**WHAT THE TASK REQUIRES**
Repeat all the data exactly, and where a record holds a picture, leave that picture out.

**RECORDS PROVIDED**
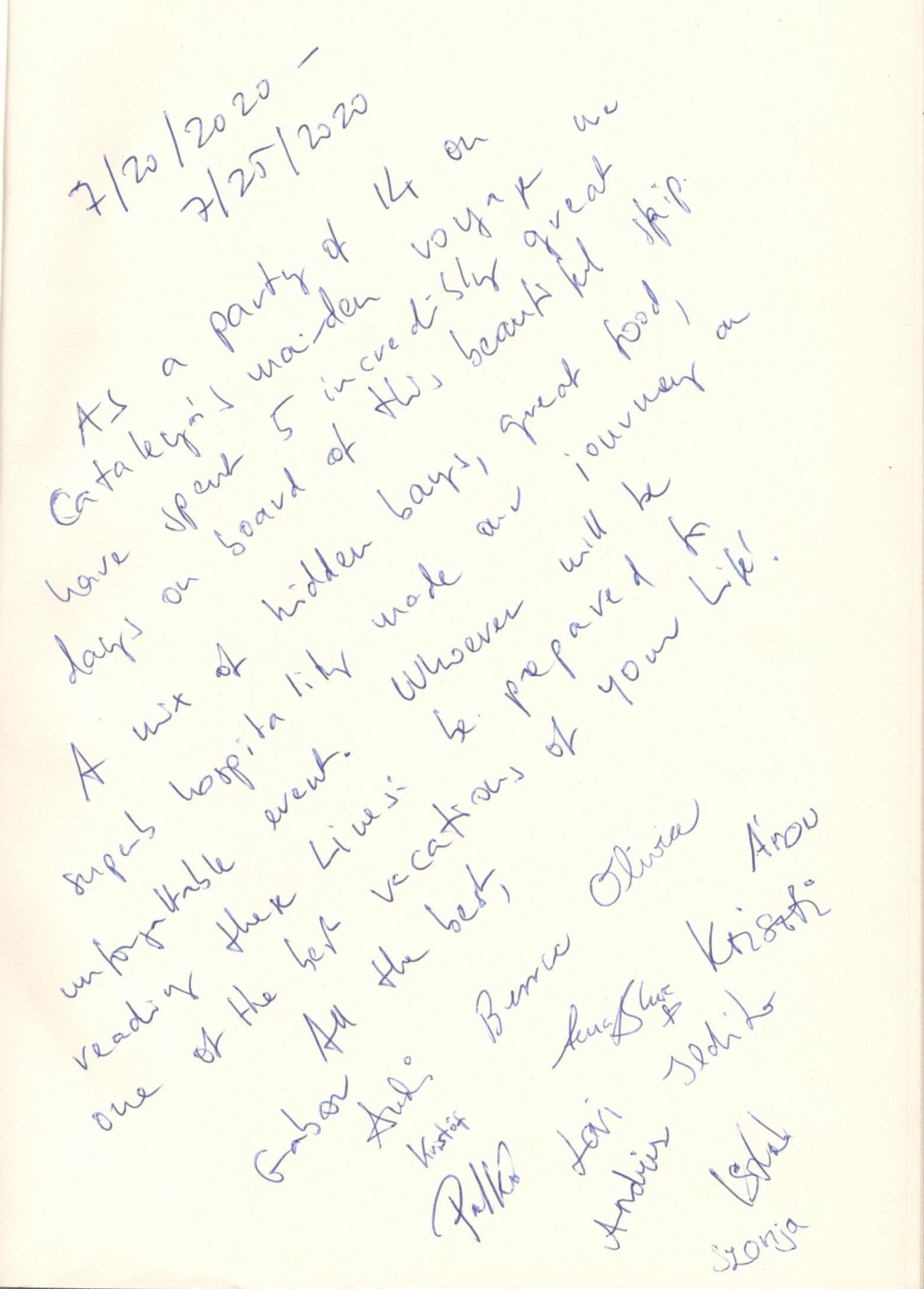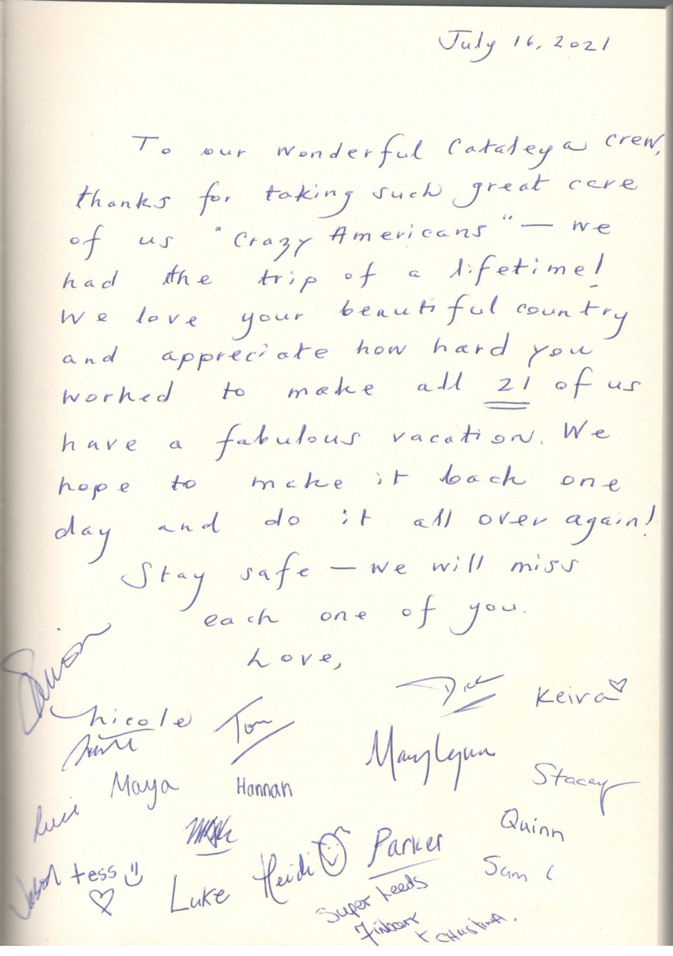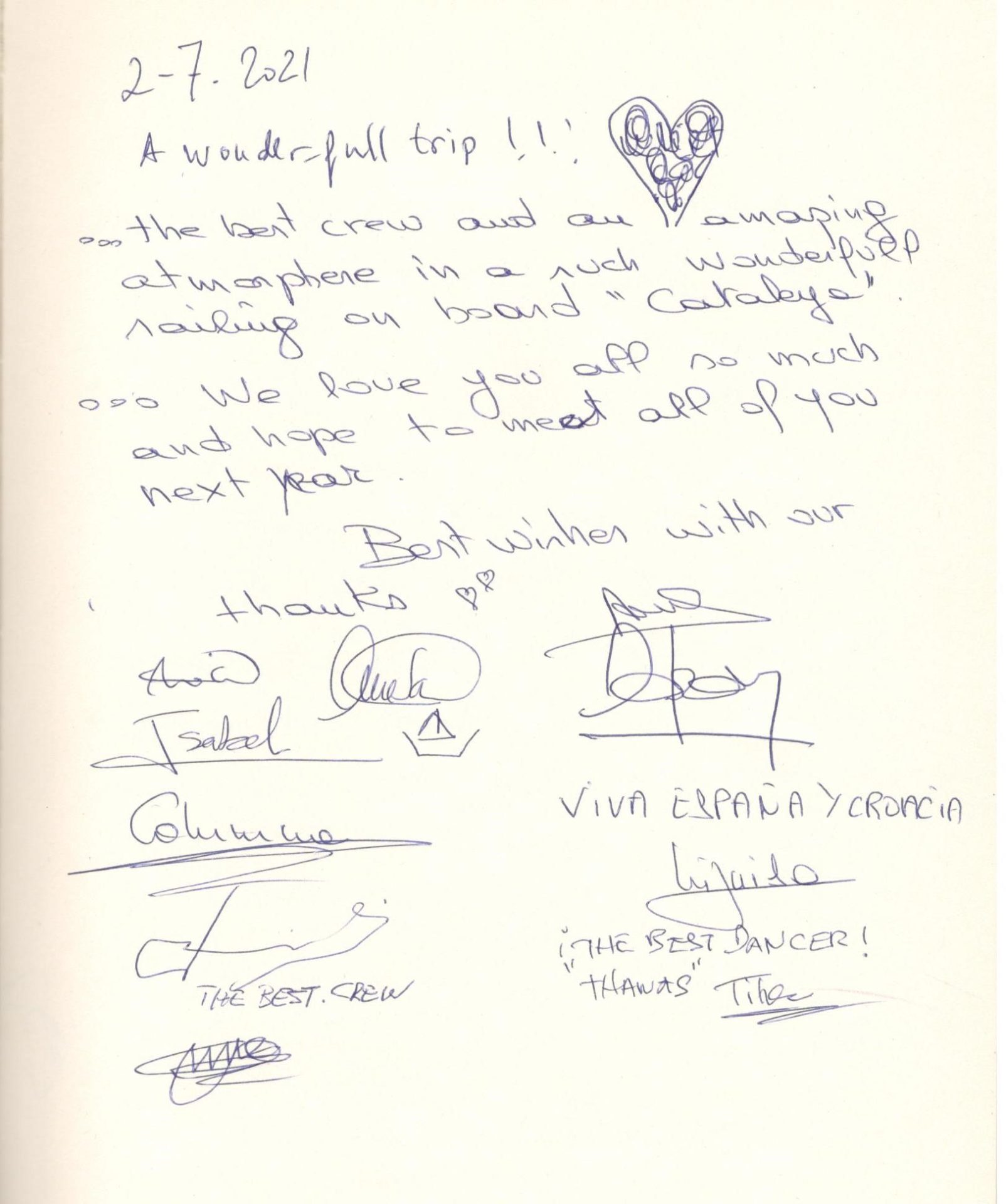 To the Best of the Best, the captain and amazing crew of the CATALEYA! This was the Best trip Ever! From B family!
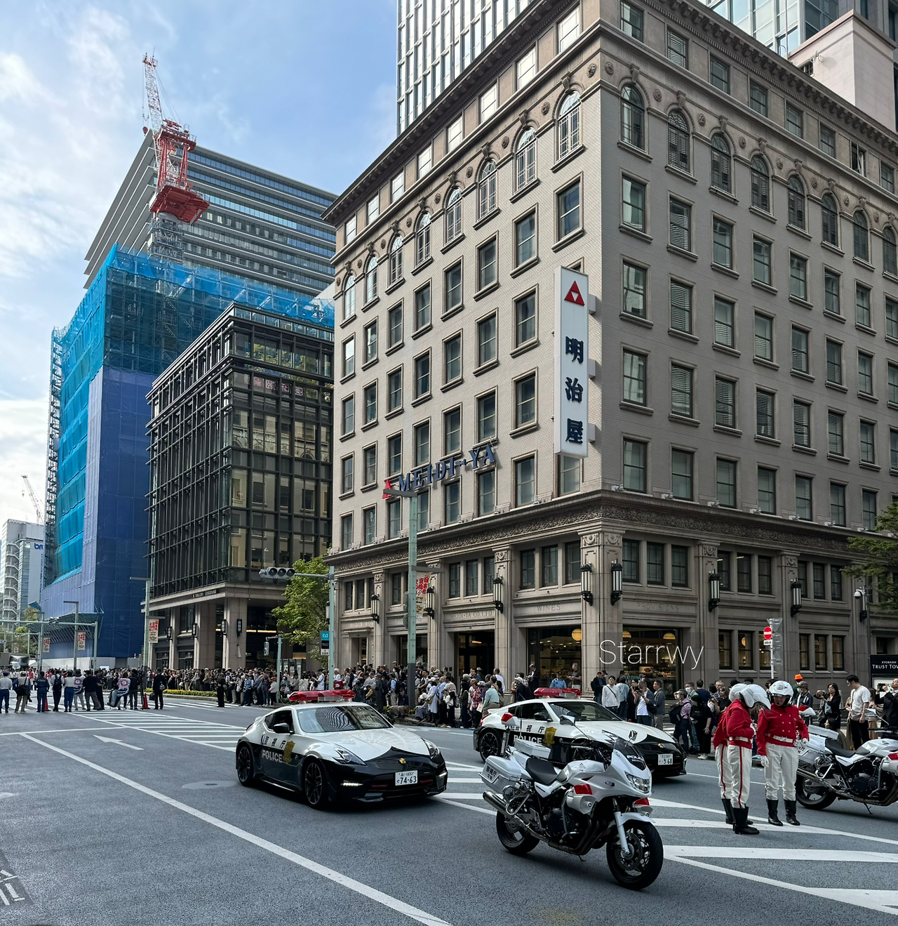 다카라초역에서 내려 밖으로 나오니 시간은 아직 10시 반. 인적이 드문 전형적인 일본 뒷골목을 경쾌한 걸음으로 통과했다. 호텔 앞의 큰 도로에서 무슨 행진을 하는지 경찰들이 교통을 통제하고 있다. 뽐내기에 최적화된 유니폼을 입은 경호인들이 늘어선 사람들에게 도로로 나오지 말아달라는 듯한 안내를 해댔다. 호텔에 얼른 짐을 맡겨두고 우리도 구경꾼 무리에 합류했다. 인파에 가려 잘 보이진 않지만 저 멀리 악단의 연주가 조금씩 가까워지고 있었다.
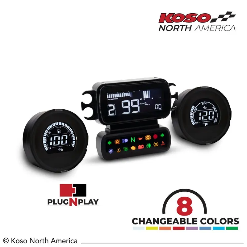 8色切り替え可能なLCDディスプレイを搭載し、エンジン温度、バッテリー電圧、タイヤ空気圧、ギアインジケーターなどの重要な情報を表示する他、バイクの状態を監視するための各種インジケーターライトも備えています。
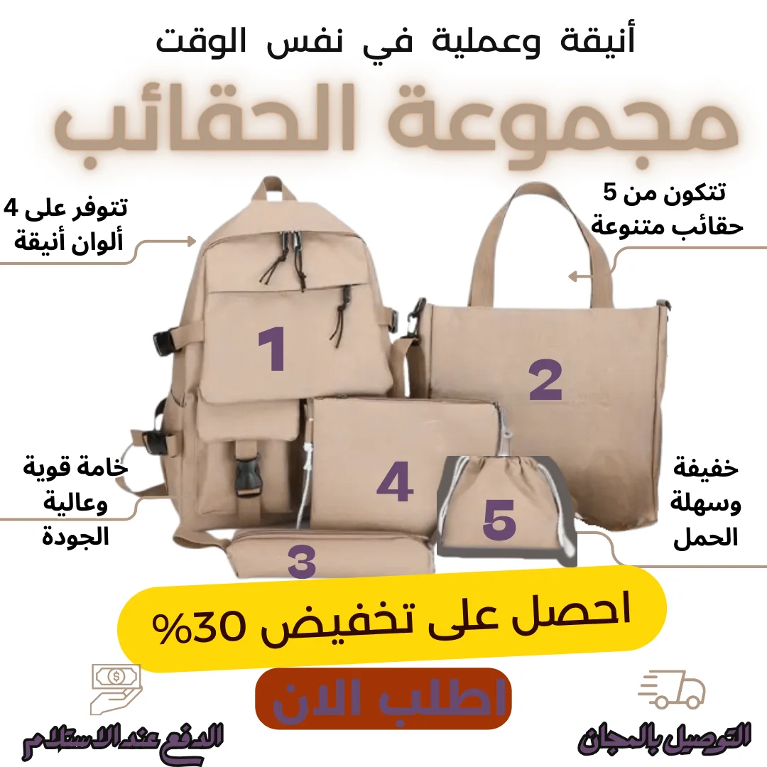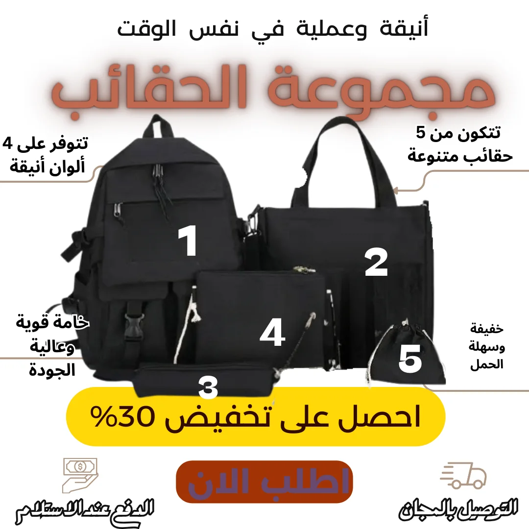 اكتشف سرّ الحقيبة المثالية مع طقم مدرسي متكامل من 5 قطع: حقيبة ظهر، حقيبة تسوّق، مقلمة، شنطة صغيرة للرقبة، وحقيبة كتف.
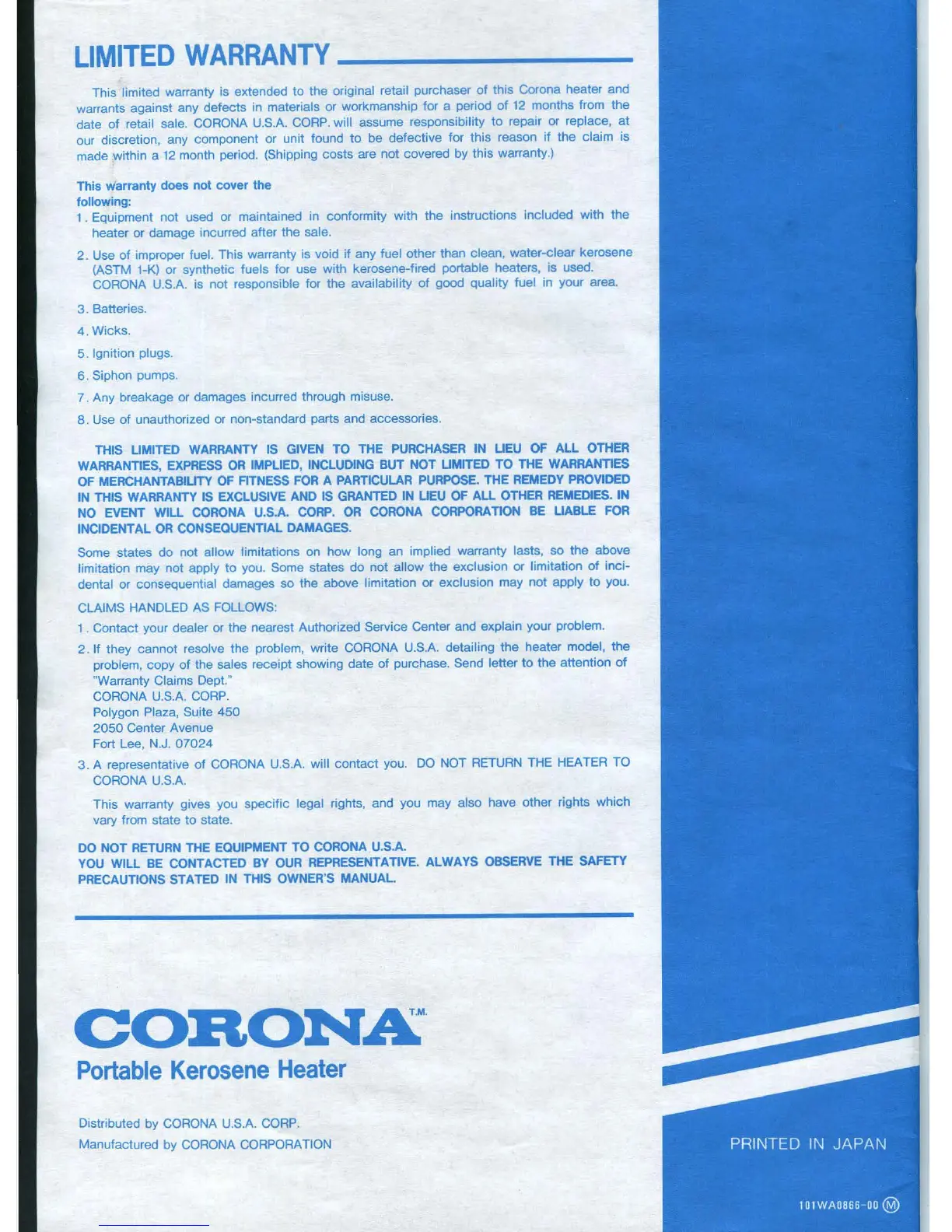 stributed by CORONA U.S.A. CORP.
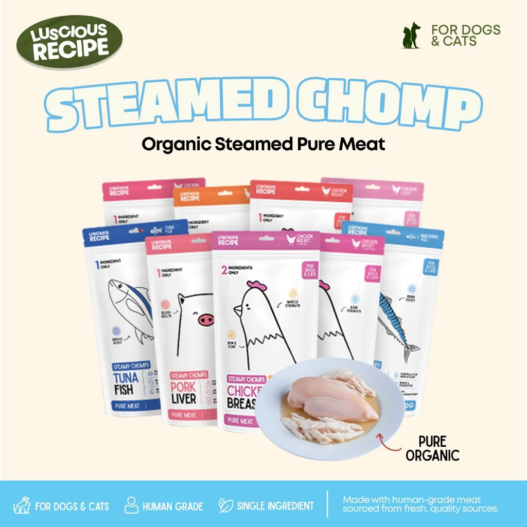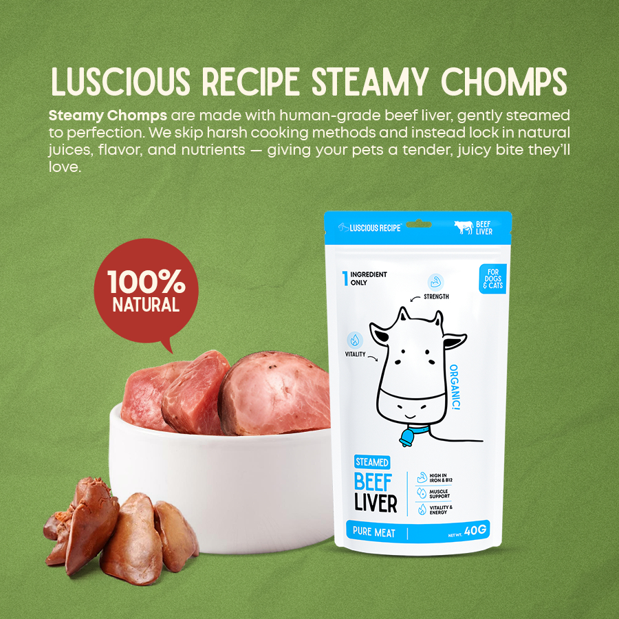 Luscious Recipe Steamy Chomps Pure Meat Beef Liver Steamed Chomps For Dogs and Cats Food Toppers
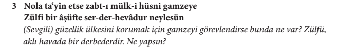 (Sevgilinin saçları) güzellik ülkesinin korumak için ne yapmalıdır? Acaba koruma görevini gamzeye mi vermelidir? Çünkü onun asıl korucusu olması gereken zülfü tam bir derbederdir. |
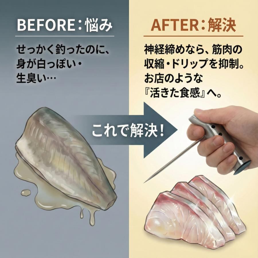 神経締め 脳締め 脳〆 フィッシュピック 魚の鮮度を保つ 血抜き 鮮度 大物 青物 ヒラメ 真鯛 マグロ エラ切り

**RESPONSE TO THE EXERCISE**
 To the Best of the Best, the captain and amazing crew of the CATALEYA! This was the Best trip Ever! From B family!
 다카라초역에서 내려 밖으로 나오니 시간은 아직 10시 반. 인적이 드문 전형적인 일본 뒷골목을 경쾌한 걸음으로 통과했다. 호텔 앞의 큰 도로에서 무슨 행진을 하는지 경찰들이 교통을 통제하고 있다. 뽐내기에 최적화된 유니폼을 입은 경호인들이 늘어선 사람들에게 도로로 나오지 말아달라는 듯한 안내를 해댔다. 호텔에 얼른 짐을 맡겨두고 우리도 구경꾼 무리에 합류했다. 인파에 가려 잘 보이진 않지만 저 멀리 악단의 연주가 조금씩 가까워지고 있었다.
 8色切り替え可能なLCDディスプレイを搭載し、エンジン温度、バッテリー電圧、タイヤ空気圧、ギアインジケーターなどの重要な情報を表示する他、バイクの状態を監視するための各種インジケーターライトも備えています。
 اكتشف سرّ الحقيبة المثالية مع طقم مدرسي متكامل من 5 قطع: حقيبة ظهر، حقيبة تسوّق، مقلمة، شنطة صغيرة للرقبة، وحقيبة كتف.
 stributed by CORONA U.S.A. CORP.
 Luscious Recipe Steamy Chomps Pure Meat Beef Liver Steamed Chomps For Dogs and Cats Food Toppers
 (Sevgilinin saçları) güzellik ülkesinin korumak için ne yapmalıdır? Acaba koruma görevini gamzeye mi vermelidir? Çünkü onun asıl korucusu olması gereken zülfü tam bir derbederdir. |
 神経締め 脳締め 脳〆 フィッシュピック 魚の鮮度を保つ 血抜き 鮮度 大物 青物 ヒラメ 真鯛 マグロ エラ切り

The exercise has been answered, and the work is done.